Weszliśmy na samą górę budynku i usiedliśmy przy okrągłym stole. Na samym środku stała makieta tego domu

-Wiedziałaś, że to się stanie...-powiedział Karol-Jak?

-Porozmawiamy później.

-Nie! Porozmawiamy teraz, bo ciągle przed nami coś ukrywasz!-krzyknął Karol i wstał z krzesła. Przewróciłam oczami

-Siadaj. Wszystkiego się dowiesz. Niech ci będzie...-Karol usiadł, a ja zaczęłam historię-Dwa lata temu do gangu przybył Max i reszta. Byli nowi i zaczęli węszyć. Już wtedy wiedziałam, że dojdzie do tego że odejdą i będą chcieli zemsty. Max poznał Kingę wtedy gdy byłeś z nią w związku. Zdradzała cię z nim. Została przyjęta do gangu... Wiedziałam, że będę z wami mieszkała. Wszystkich was szpiegowałam, a wy nawet się nie spodziewaliście, że wasz każdy krok to mój plan... Przygotowywałam się do tej chwili przez półtora roku. Obmyśliłam wszystko, więc albo posłuchacie planu i pomożecie mi zniszczyć Maxa albo zginiecie. Wasz wybór. Jak przemyślicie to to dajcie mi znać.-wstałam od stołu i wyszłam z domu. Usiadłam na huśtawce i zaczęłam się leciutko bujać.

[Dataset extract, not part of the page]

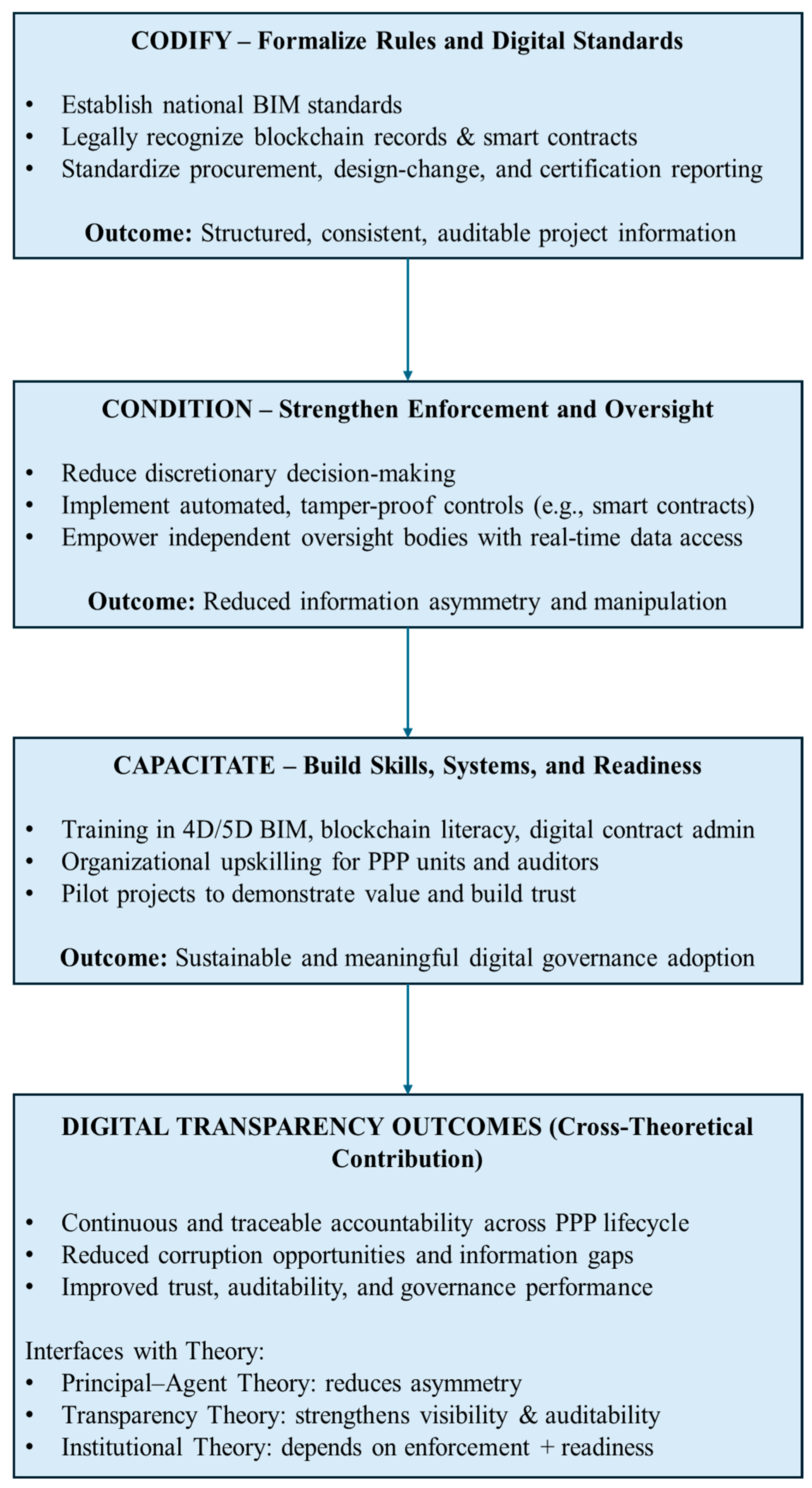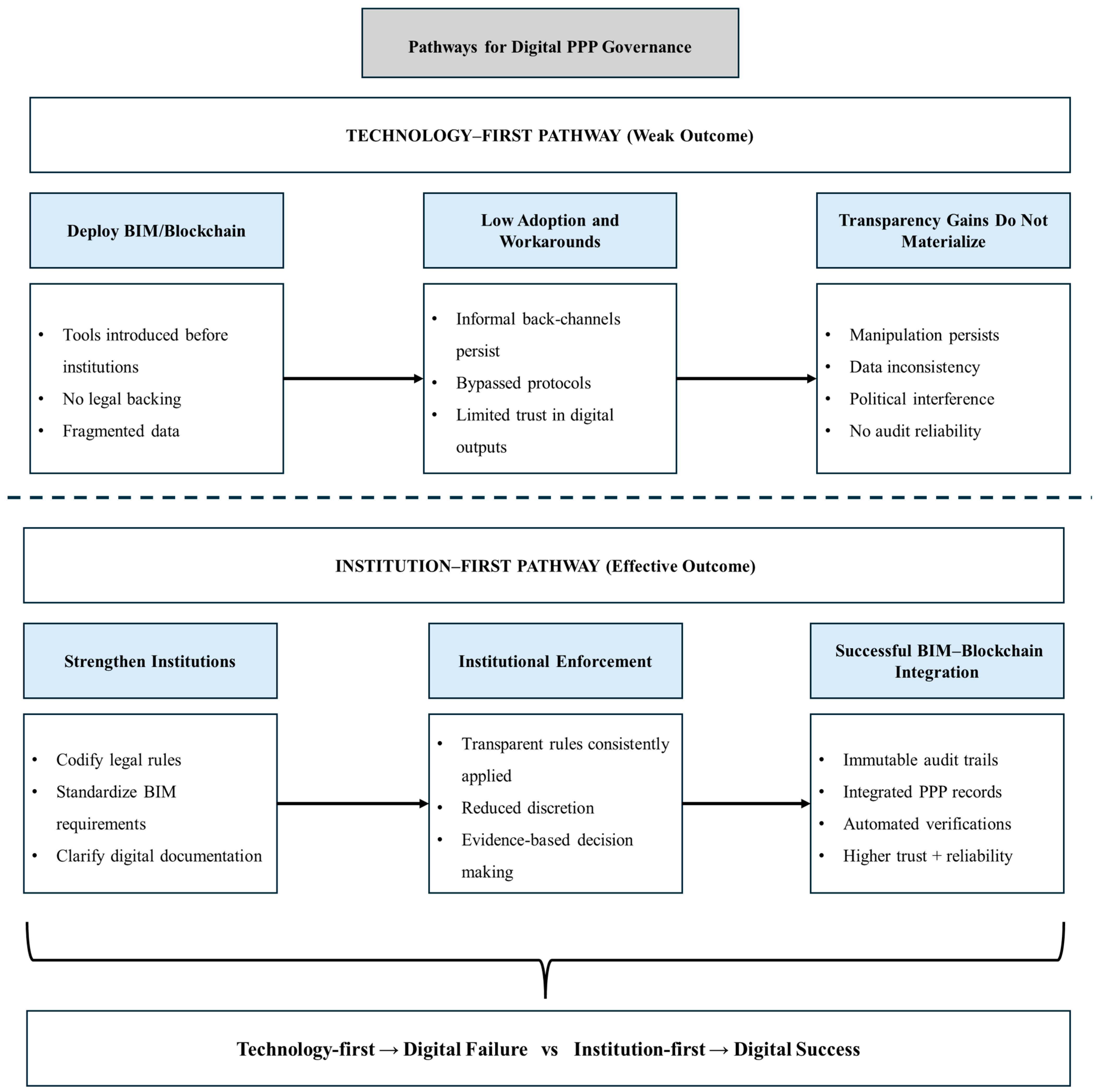 | BIM–Blockchain Pilot Projects | None in construction or PPPs | Integrated BIM–blockchain payment validation in public works | Pilots in procurement tracking and design audit trails | Pilots in asset management and logistics transparency |

-Blanka...-odwróciłam się w stronę głosu. Był to Łukasz. Nie spodziewałam się jego tutaj pierwszego

-Nie zdziwię się jak się wycofasz-powiedziałam przegryzając wargę. On tylko rozłożył ręce, a ja podbiegłam do niego i się przytuliłam.

-Nie wycofam się młoda. Musimy pokazać temu cwelowi gdzie jego miejsce

-Łukasz, ale... Ja będę musiała go zabić... Nawet to cię nie rusza? On ma poparcie około stu osób. Albo oni wszyscy zginą albo my zginiemy. Po co ja was do tego mieszałam...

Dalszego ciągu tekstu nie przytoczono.